-------- RECORD EXTRACTS

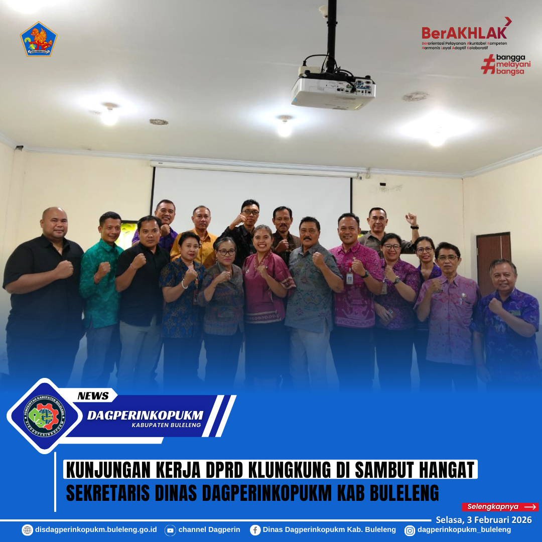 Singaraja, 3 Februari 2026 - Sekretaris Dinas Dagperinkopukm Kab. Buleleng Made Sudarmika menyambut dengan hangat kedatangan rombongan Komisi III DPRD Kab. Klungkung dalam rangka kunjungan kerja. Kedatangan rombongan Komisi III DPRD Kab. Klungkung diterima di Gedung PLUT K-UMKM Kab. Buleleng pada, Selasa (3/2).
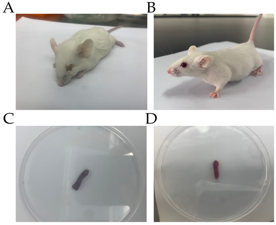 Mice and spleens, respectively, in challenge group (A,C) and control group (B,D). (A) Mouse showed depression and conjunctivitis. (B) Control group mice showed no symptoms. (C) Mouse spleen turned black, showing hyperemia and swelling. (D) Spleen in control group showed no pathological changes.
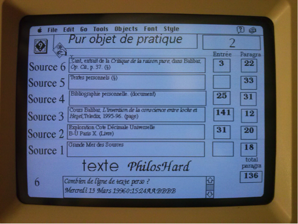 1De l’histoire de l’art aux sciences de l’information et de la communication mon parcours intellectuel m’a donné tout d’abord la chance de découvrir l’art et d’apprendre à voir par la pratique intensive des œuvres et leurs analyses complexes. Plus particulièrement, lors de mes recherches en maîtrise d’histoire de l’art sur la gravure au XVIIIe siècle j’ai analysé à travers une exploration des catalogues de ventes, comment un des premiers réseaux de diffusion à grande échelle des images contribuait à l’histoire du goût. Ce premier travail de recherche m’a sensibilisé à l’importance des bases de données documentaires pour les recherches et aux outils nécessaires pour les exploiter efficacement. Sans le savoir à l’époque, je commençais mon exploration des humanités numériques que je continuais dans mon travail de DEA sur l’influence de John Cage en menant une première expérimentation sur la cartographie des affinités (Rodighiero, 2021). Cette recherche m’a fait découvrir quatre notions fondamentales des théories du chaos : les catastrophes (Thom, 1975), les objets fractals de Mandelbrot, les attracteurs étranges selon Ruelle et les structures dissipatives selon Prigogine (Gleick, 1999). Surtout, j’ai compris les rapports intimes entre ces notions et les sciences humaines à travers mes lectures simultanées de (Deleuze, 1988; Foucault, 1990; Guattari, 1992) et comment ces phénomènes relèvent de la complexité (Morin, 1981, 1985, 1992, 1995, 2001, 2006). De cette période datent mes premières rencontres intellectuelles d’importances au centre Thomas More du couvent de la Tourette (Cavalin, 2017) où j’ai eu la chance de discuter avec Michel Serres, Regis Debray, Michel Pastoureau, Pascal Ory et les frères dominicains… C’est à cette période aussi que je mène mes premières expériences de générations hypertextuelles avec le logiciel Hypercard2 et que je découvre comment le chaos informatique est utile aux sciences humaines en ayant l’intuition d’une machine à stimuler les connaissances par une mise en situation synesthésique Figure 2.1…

----------------
-------- RECORD EXTRACTS

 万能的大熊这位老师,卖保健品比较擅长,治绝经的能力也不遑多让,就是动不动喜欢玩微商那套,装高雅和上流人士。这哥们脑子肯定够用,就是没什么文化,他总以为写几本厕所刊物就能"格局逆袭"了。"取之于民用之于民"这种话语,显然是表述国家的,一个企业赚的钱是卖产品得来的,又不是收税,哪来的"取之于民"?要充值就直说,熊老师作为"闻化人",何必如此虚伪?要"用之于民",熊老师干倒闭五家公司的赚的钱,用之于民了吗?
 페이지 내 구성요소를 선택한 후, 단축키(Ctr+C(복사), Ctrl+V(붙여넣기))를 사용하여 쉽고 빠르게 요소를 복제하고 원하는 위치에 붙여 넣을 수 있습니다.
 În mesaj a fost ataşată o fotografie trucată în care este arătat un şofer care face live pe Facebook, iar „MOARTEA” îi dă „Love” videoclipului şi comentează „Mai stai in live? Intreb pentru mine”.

----------------
-------- RECORD EXTRACTS

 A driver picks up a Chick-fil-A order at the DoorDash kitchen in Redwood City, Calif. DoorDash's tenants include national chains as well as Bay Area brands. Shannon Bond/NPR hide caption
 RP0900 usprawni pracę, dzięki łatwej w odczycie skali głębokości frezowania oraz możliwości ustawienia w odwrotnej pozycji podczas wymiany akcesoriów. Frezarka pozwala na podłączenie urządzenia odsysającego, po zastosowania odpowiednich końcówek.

----------------

- THE PROBLEM -
In the listing above, locate the line containing "A driver picks" and the line containing "RP0900 usprawni pracę, dzięki", then transcribe both and every line between them verbatim.

- TASK RESULT -
 A driver picks up a Chick-fil-A order at the DoorDash kitchen in Redwood City, Calif. DoorDash's tenants include national chains as well as Bay Area brands. Shannon Bond/NPR hide caption
 RP0900 usprawni pracę, dzięki łatwej w odczycie skali głębokości frezowania oraz możliwości ustawienia w odwrotnej pozycji podczas wymiany akcesoriów. Frezarka pozwala na podłączenie urządzenia odsysającego, po zastosowania odpowiednich końcówek.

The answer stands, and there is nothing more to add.